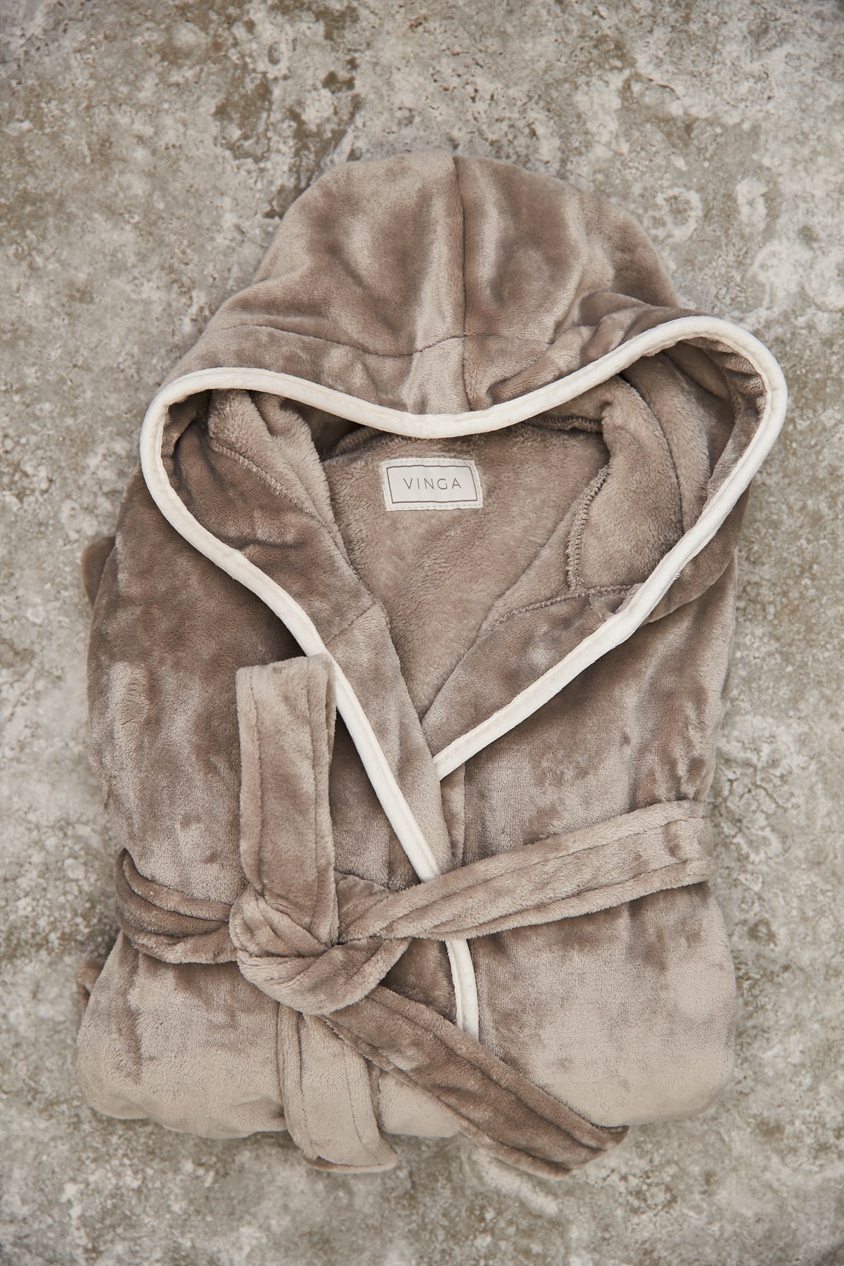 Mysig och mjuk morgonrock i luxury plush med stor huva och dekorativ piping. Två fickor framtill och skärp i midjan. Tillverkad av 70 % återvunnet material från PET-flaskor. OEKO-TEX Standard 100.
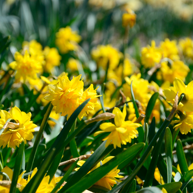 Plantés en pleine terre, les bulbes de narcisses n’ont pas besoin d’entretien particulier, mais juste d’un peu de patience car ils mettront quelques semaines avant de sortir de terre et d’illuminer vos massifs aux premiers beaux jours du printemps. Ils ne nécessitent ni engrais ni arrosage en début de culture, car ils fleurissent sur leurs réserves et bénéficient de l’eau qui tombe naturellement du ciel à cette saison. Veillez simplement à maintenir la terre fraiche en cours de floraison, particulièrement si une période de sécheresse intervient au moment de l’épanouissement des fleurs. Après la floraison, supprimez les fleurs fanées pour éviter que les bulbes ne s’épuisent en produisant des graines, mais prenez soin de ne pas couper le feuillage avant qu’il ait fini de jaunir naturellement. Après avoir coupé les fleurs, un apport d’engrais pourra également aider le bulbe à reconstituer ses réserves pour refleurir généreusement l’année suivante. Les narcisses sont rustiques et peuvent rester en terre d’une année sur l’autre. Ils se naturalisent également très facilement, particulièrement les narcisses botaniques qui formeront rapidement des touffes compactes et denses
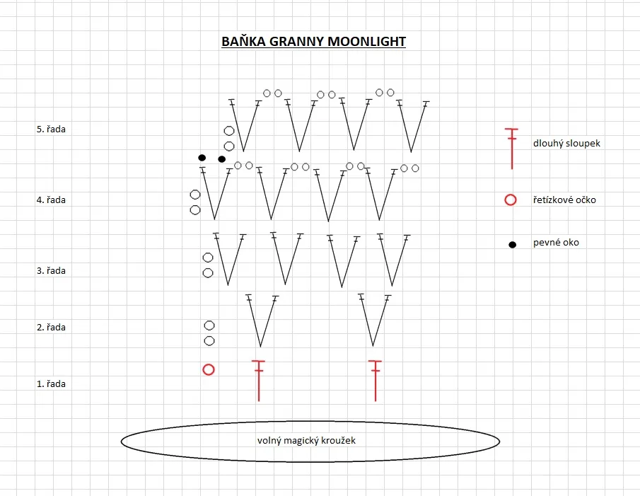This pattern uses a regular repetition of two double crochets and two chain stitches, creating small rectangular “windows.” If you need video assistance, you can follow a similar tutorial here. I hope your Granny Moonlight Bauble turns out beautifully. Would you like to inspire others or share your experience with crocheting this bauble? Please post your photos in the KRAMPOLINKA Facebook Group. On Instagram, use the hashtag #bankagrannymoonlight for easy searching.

============

◆ AIM OF THE TASK: When you retype the material above, keep every word exact and drop the images.

◆ ANSWER TO THE EXERCISE:
 Mysig och mjuk morgonrock i luxury plush med stor huva och dekorativ piping. Två fickor framtill och skärp i midjan. Tillverkad av 70 % återvunnet material från PET-flaskor. OEKO-TEX Standard 100.
 Plantés en pleine terre, les bulbes de narcisses n’ont pas besoin d’entretien particulier, mais juste d’un peu de patience car ils mettront quelques semaines avant de sortir de terre et d’illuminer vos massifs aux premiers beaux jours du printemps. Ils ne nécessitent ni engrais ni arrosage en début de culture, car ils fleurissent sur leurs réserves et bénéficient de l’eau qui tombe naturellement du ciel à cette saison. Veillez simplement à maintenir la terre fraiche en cours de floraison, particulièrement si une période de sécheresse intervient au moment de l’épanouissement des fleurs. Après la floraison, supprimez les fleurs fanées pour éviter que les bulbes ne s’épuisent en produisant des graines, mais prenez soin de ne pas couper le feuillage avant qu’il ait fini de jaunir naturellement. Après avoir coupé les fleurs, un apport d’engrais pourra également aider le bulbe à reconstituer ses réserves pour refleurir généreusement l’année suivante. Les narcisses sont rustiques et peuvent rester en terre d’une année sur l’autre. Ils se naturalisent également très facilement, particulièrement les narcisses botaniques qui formeront rapidement des touffes compactes et denses
This pattern uses a regular repetition of two double crochets and two chain stitches, creating small rectangular “windows.” If you need video assistance, you can follow a similar tutorial here. I hope your Granny Moonlight Bauble turns out beautifully. Would you like to inspire others or share your experience with crocheting this bauble? Please post your photos in the KRAMPOLINKA Facebook Group. On Instagram, use the hashtag #bankagrannymoonlight for easy searching.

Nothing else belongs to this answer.